DATA SEGMENT:
────────────────────
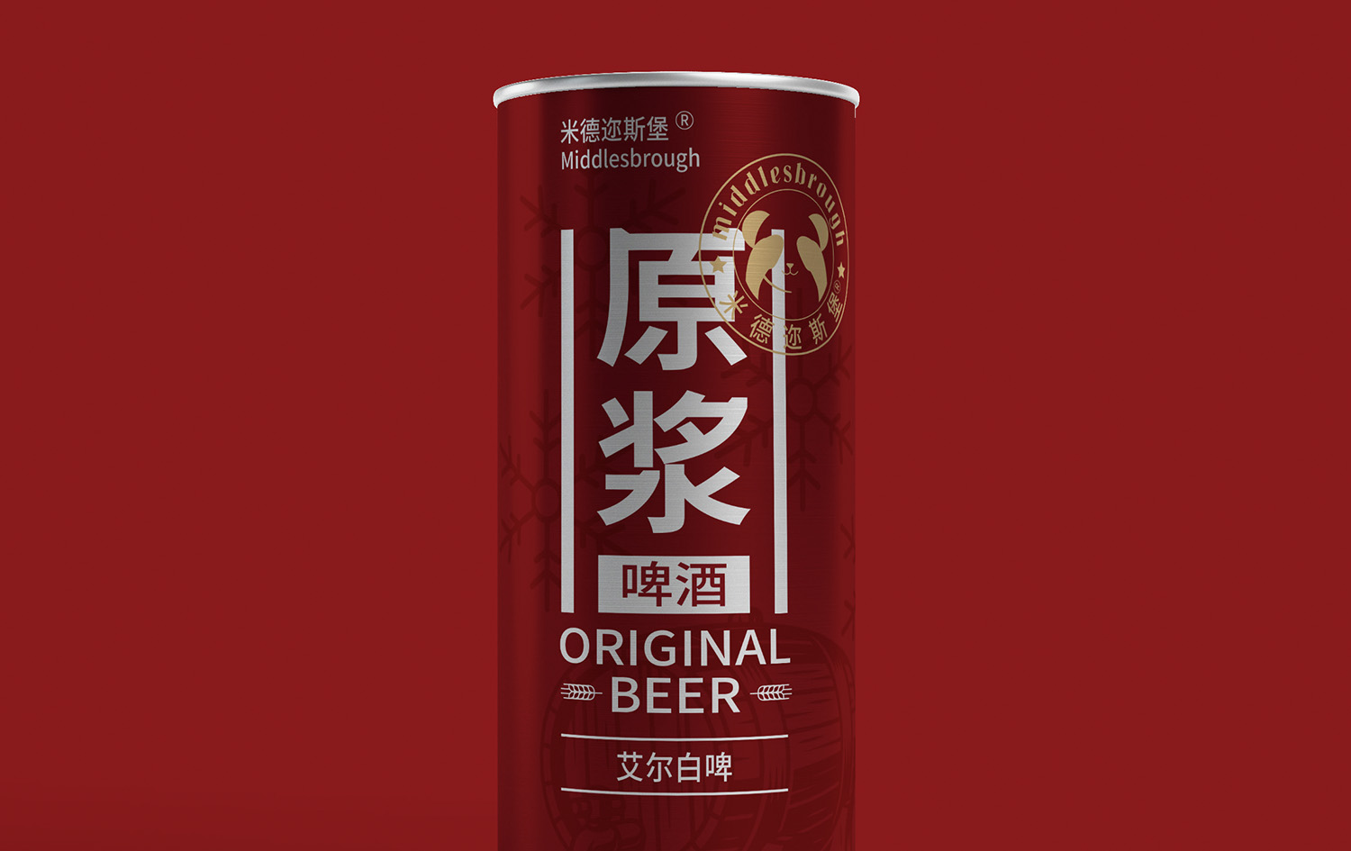 青岛米德迩斯堡出品的原浆啤酒艾尔白啤,包装的设计直接运用文字编辑,展现原浆啤酒特色,使视觉识别力更强。设计字体层次,呈现出力量感,产品与设计统一,建立自己的视觉语言,更具特色,引起消费者青睐
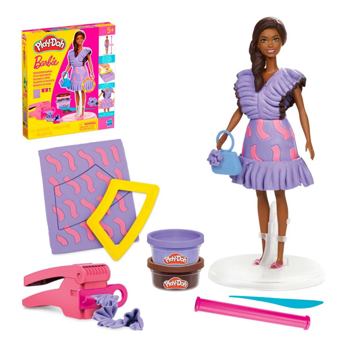 Unleash fashion creativity with a Barbie doll plus tools and Play‑Doh for crafting clothes, hair, and accessories! Includes patterned compound sheets, molds, cutters & themed accessories.
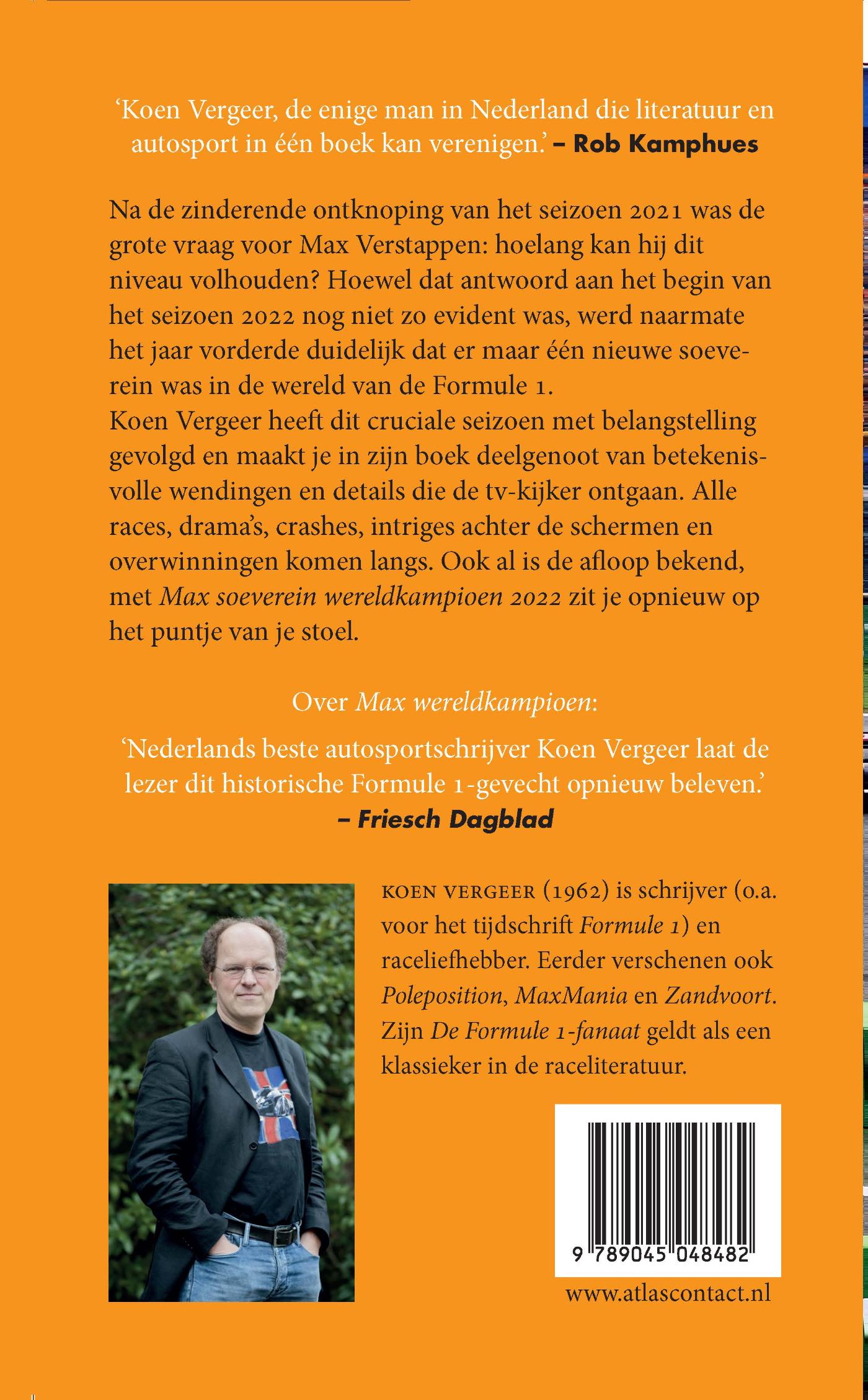 Koen Vergeer heeft dit cruciale seizoen met belangstelling gevolgd en maakt je in zijn boek deelgenoot van betekenisvolle wendingen en details die de tv-kijker ontgaan. Alle races, drama’s, crashes, intriges achter de schermen en overwinningen komen langs. Ook al is de afloop bekend, met Max soeverein wereldkampioen 2022 je zit opnieuw op het puntje van je stoel.
────────────────────
WORK ORDER: An exact copy of the listing is required; return it without any pictures.

SOLUTION TO THE PROBLEM:
 青岛米德迩斯堡出品的原浆啤酒艾尔白啤,包装的设计直接运用文字编辑,展现原浆啤酒特色,使视觉识别力更强。设计字体层次,呈现出力量感,产品与设计统一,建立自己的视觉语言,更具特色,引起消费者青睐
 Unleash fashion creativity with a Barbie doll plus tools and Play‑Doh for crafting clothes, hair, and accessories! Includes patterned compound sheets, molds, cutters & themed accessories.
 Koen Vergeer heeft dit cruciale seizoen met belangstelling gevolgd en maakt je in zijn boek deelgenoot van betekenisvolle wendingen en details die de tv-kijker ontgaan. Alle races, drama’s, crashes, intriges achter de schermen en overwinningen komen langs. Ook al is de afloop bekend, met Max soeverein wereldkampioen 2022 je zit opnieuw op het puntje van je stoel.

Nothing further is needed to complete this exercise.